Materials provided:
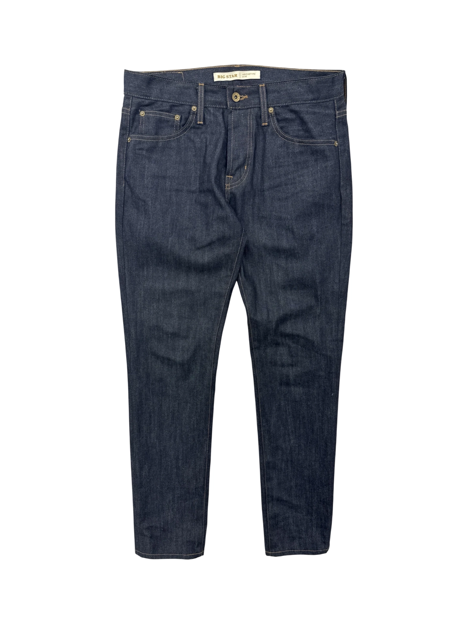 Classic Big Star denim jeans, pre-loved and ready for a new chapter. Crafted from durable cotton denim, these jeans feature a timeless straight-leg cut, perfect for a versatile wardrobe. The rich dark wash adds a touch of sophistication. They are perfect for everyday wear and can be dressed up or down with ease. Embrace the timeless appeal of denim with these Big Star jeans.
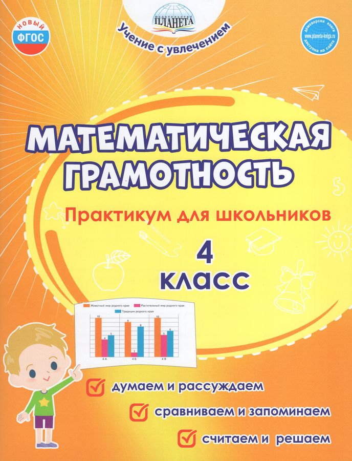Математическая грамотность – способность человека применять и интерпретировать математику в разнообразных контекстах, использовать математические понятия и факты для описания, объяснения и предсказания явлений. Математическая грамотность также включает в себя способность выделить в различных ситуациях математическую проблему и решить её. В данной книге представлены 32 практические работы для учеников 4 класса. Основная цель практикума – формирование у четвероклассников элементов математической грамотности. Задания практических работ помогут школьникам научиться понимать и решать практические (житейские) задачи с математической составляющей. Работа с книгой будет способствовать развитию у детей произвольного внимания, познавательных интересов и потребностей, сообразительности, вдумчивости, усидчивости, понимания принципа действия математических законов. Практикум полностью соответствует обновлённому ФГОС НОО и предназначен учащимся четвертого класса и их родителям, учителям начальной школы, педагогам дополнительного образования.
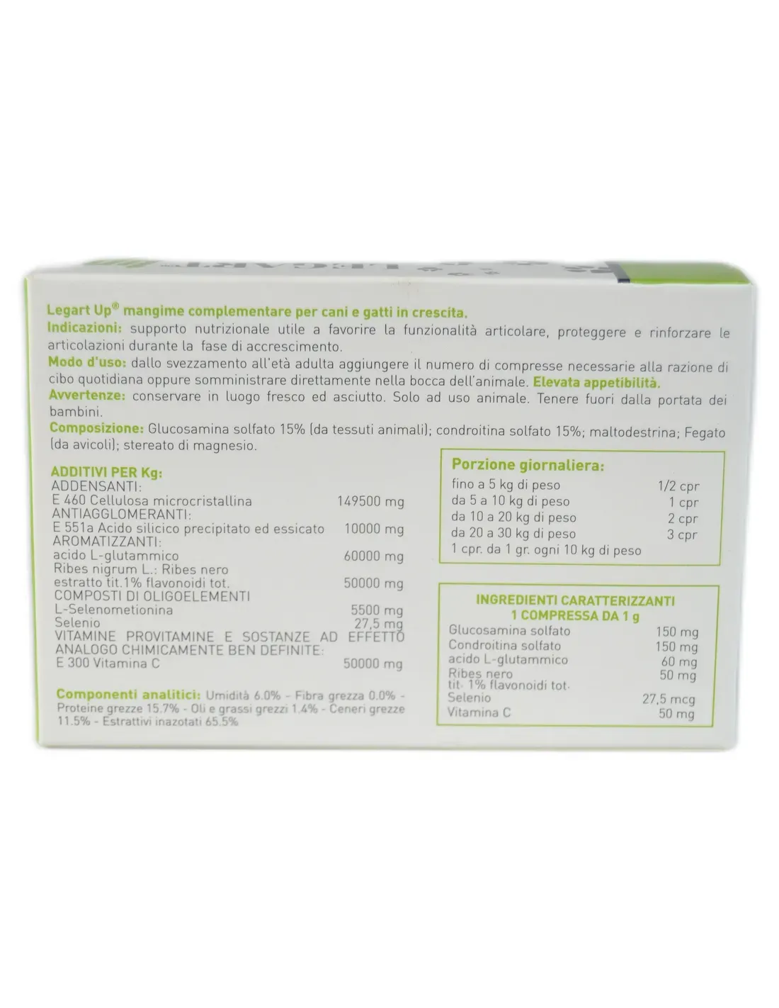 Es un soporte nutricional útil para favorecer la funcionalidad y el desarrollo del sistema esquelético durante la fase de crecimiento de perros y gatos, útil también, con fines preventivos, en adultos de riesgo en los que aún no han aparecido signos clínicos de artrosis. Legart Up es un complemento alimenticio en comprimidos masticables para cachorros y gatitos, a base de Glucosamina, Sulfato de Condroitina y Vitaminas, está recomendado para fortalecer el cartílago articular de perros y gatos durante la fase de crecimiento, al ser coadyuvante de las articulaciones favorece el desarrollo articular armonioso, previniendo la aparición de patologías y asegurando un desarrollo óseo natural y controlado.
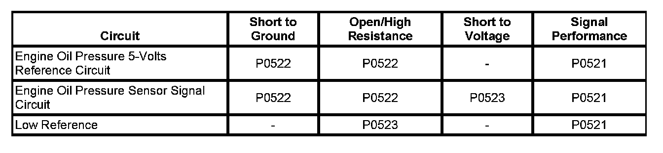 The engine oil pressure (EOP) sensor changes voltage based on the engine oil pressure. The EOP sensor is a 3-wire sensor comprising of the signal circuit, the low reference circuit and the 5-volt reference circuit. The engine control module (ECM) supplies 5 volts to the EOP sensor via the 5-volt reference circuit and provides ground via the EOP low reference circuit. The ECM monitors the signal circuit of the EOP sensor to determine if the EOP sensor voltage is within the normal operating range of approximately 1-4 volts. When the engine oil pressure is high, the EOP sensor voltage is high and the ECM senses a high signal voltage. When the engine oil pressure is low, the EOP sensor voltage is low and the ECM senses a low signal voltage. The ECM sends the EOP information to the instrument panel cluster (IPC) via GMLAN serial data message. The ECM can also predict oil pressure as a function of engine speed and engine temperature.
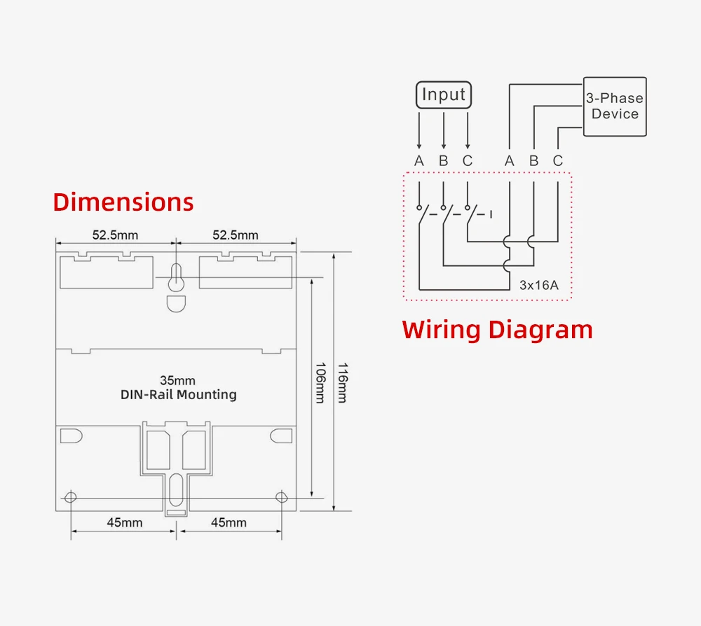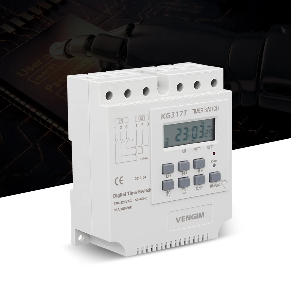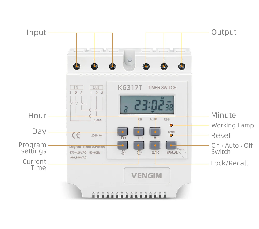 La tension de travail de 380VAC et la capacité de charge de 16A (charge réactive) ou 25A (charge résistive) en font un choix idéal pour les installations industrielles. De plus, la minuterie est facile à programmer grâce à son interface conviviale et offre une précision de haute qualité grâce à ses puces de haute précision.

---

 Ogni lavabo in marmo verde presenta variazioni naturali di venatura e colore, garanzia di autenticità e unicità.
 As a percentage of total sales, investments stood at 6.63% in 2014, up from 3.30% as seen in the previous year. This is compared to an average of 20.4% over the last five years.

Task goal: Extract the part of the records that opens with the line containing "Математическая грамотность –" and closes with the line containing "Es un soporte". Take only those lines, exactly, and no pictures.

Reply:
Математическая грамотность – способность человека применять и интерпретировать математику в разнообразных контекстах, использовать математические понятия и факты для описания, объяснения и предсказания явлений. Математическая грамотность также включает в себя способность выделить в различных ситуациях математическую проблему и решить её. В данной книге представлены 32 практические работы для учеников 4 класса. Основная цель практикума – формирование у четвероклассников элементов математической грамотности. Задания практических работ помогут школьникам научиться понимать и решать практические (житейские) задачи с математической составляющей. Работа с книгой будет способствовать развитию у детей произвольного внимания, познавательных интересов и потребностей, сообразительности, вдумчивости, усидчивости, понимания принципа действия математических законов. Практикум полностью соответствует обновлённому ФГОС НОО и предназначен учащимся четвертого класса и их родителям, учителям начальной школы, педагогам дополнительного образования.
 Es un soporte nutricional útil para favorecer la funcionalidad y el desarrollo del sistema esquelético durante la fase de crecimiento de perros y gatos, útil también, con fines preventivos, en adultos de riesgo en los que aún no han aparecido signos clínicos de artrosis. Legart Up es un complemento alimenticio en comprimidos masticables para cachorros y gatitos, a base de Glucosamina, Sulfato de Condroitina y Vitaminas, está recomendado para fortalecer el cartílago articular de perros y gatos durante la fase de crecimiento, al ser coadyuvante de las articulaciones favorece el desarrollo articular armonioso, previniendo la aparición de patologías y asegurando un desarrollo óseo natural y controlado.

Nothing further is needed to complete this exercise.